The dispatch of the operatives to Anchorage and also Wasilla where Mrs Palin was mayor and has a home left the impression of a campaign engaging in rapid damage control. It also gave rise to speculation that they were there to complete a vetting process that was not done properly in the face place.

Senator McCain, who will travel to St Paul, Minnesota, tomorrow to accept his nomination, denied yesterday that the normally exhaustive checking of Mrs Palin had been faulty. "The vetting process was complete and thorough and I am grateful for the results," he said in Philadelphia. Aides had said earlier that he had known about the pregnancy of 17-year-old Bristol before offering the job to Mrs Palin.

Republican loyalists will rise to their feet as one this evening at their convention to welcome Mrs Palin, the Governor of Alaska, as she takes to the polished black stage in the Xcel Energy Center to accept the nomination and give her first major address on a national – if not international – stage.

After a somewhat toned-down start on Monday, because of Hurricane Gustav on the Gulf Coast, the Republicans got back on track yesterday and expect to reach a first emotional climax this evening with Mrs Palin's address. The adulation, however, will mask anxiety that recent revelations about her private life and an ongoing ethics investigation could make Mrs Palin into a liability instead of an asset.

Convention planners intend that the acceptance speech by Mr McCain tomorrow, balloon drop and all, should be the high mark – though it will hardly match Barack Obama's oration in the Mile High Stadium last week. Yet, it will have to compete with what happens tonight as Mrs Palin takes the stage.
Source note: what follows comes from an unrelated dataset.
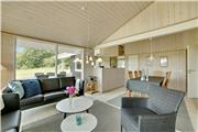 Geräumiges und gepflegtes Ferienhaus mit viel Platz im Wohnbereich für die ganze Familie. Das Wohnzimmer ist hell und einladend mit Blick auf Felder und die schöne Natur, die die Gegend umgibt. Hier findest du außerdem einen gemütlichen Kaminofen sowie einen Fernseher mit dänischen, deutschen, schwedischen und norwegischen Sendern – ideal, falls das Sommerwetter einmal nicht mitspielt.

The stakes for the 44-year-old mother of five and former beauty queen will be high indeed. She knows that the jury remains out on whether by selecting her as his number two Mr McCain has performed a brilliant electoral trick or committed something close to political harikiri. Karl Rove, the former political advisor to George Bush, said publicly yesterday that Mr McCain chose her with an eye to getting rather than to governing with her.

To this point at least, the excitement felt by conservative Republicans seems to be outweighing any private dismay at the morsels about Mrs Palin's family life that have been leaking out faster than episodes in a soap opera. The biggest of them all, of course, being the revelation that Bristol is with child and that the young father, Levi, has a mouth grubbier than politics itself.

"It's either brilliant or insane," said the seasoned observer Charlie Cook, noting that media reports were wavering between two narratives on the Governor. "It will either be the fascinating, offbeat, not-off-the-rack maverick ... or that her selection was a half-baked, cynical move by McCain that, while 'outside the box', probably should have been left in the box and never opened."

Barely an hour in St Paul passes without some new detail about Mrs Palin life rushing through the corridors. Among these yesterday were reports that high among her socially conservative positions has been a long-held disenchantment with offering sex education in public schools because abstinence is the better answer. Never mind that Bristol apparently never got that parental memo.

Aides are also bracing, meanwhile, for any additional collateral damage that could emerge from an ethics investigation of Mrs Palin that was ordered by a committee of the state legislature in July. She has been charged by her political foes of firing the state's former public safety commissioner because he did not sack a state trooper who is divorcing Mrs Palin's sister.

Barack Obama, meanwhile, urged supporters to steer clear of the private affairs of Governor. " I have said before and I will repeat again: I think people's families are off-limits. This shouldn't be part of our politics."